What i have done is used the fact that $$p=\gamma m v$$ as well as $$E^2 = p^2c^2 + (mc^2)^2$$ to derive that for the original particle: $$\gamma = m*v$$ where $$\gamma=\frac{1}{\sqrt{1-\frac{v^2}{c^2}}}$$
however this is two unknowns and one equation.

any help on this...

Last edited: Nov 16, 2005
2. Nov 16, 2005

### robphy

What happens during the disintgration? Do any quantities change or not change?

3. Nov 17, 2005

### Staff: Mentor

You have enough information about the pieces after the decay, to find their energies. Then you can apply conservation of energy and conservation of momentum to find the energy and momentum of the original particle, and from those, you can find the quantities that you're asked for.

4. Nov 17, 2005

### thenewbosco

i solved for the energies and got for the particle travelling in x: 1.79MeV and for the one in y:2.5 MeV.

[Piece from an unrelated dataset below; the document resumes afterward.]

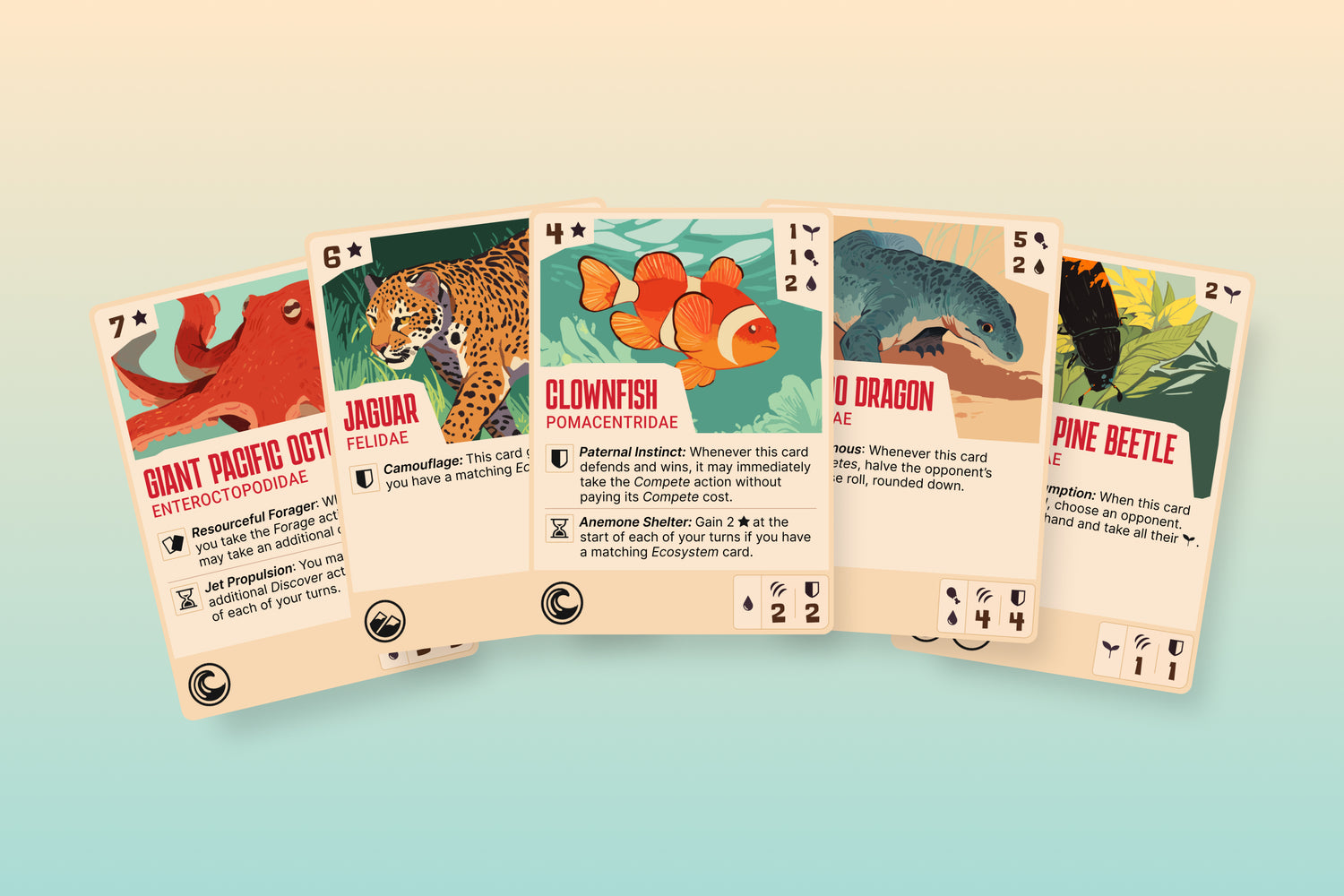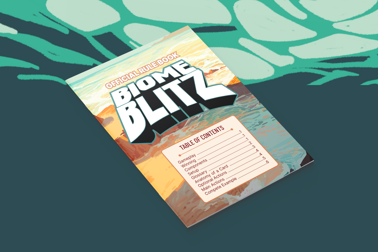 Biome Blitz is a competitive resource-management card game surrounding animals from all types of ecosystems. From insects to big cats, everyone has a fair shot at competing for the win.

now what i have done is set up the following:
for energies
$$E_{init}=\frac{mc^2}{\sqrt{1-\frac{u^2}{c^2}}}=(1.79+2.5)$$
for x momentum:
$$\frac{mu_{x}{\sqrt{1-\frac{(u_{x})^2}{c^2}}}}=1.75=p_{xf}$$
and y momentum:
$$\frac{mu_{y}{\sqrt{1-\frac{(u_{y})^2}{c^2}}}}=2.00=p_{yf}$$
(the tex code is wrong but the square roots should be in the denominator)
now by solving these three using $$(u_{x})^2+(u_{y})^2=u^2$$
i should be able to find the mass and speed...

is this correct?
thanks

Last edited: Nov 17, 2005
5. Nov 17, 2005

### Staff: Mentor

Yes, your method should work, although it might not be the simplest one in terms of the math involved.

You might consider calculating the magnitude of the initial momentum first, from the x and y components (which you already know). Note that the problem asks only for the speed of the original particle, and not its direction of motion.